* _Description of the task_
Only the lines from the top of the listing below through the line containing "韓聯(lián)社15日稱,參加演習(x" should be output, exactly and with no pictures.
··· Source material ···
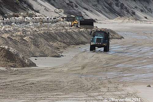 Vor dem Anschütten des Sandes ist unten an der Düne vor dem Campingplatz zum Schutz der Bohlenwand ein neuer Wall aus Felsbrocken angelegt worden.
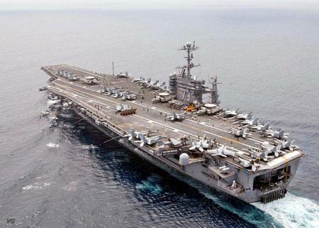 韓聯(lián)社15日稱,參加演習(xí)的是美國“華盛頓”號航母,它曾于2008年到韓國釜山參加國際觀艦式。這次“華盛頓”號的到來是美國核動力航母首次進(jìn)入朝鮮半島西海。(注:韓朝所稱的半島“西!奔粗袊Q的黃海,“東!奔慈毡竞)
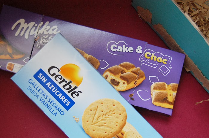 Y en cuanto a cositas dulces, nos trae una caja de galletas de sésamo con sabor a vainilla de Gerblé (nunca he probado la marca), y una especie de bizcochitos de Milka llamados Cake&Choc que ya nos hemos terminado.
···
* _Answer area_
 Vor dem Anschütten des Sandes ist unten an der Düne vor dem Campingplatz zum Schutz der Bohlenwand ein neuer Wall aus Felsbrocken angelegt worden.
 韓聯(lián)社15日稱,參加演習(xí)的是美國“華盛頓”號航母,它曾于2008年到韓國釜山參加國際觀艦式。這次“華盛頓”號的到來是美國核動力航母首次進(jìn)入朝鮮半島西海。(注:韓朝所稱的半島“西!奔粗袊Q的黃海,“東!奔慈毡竞)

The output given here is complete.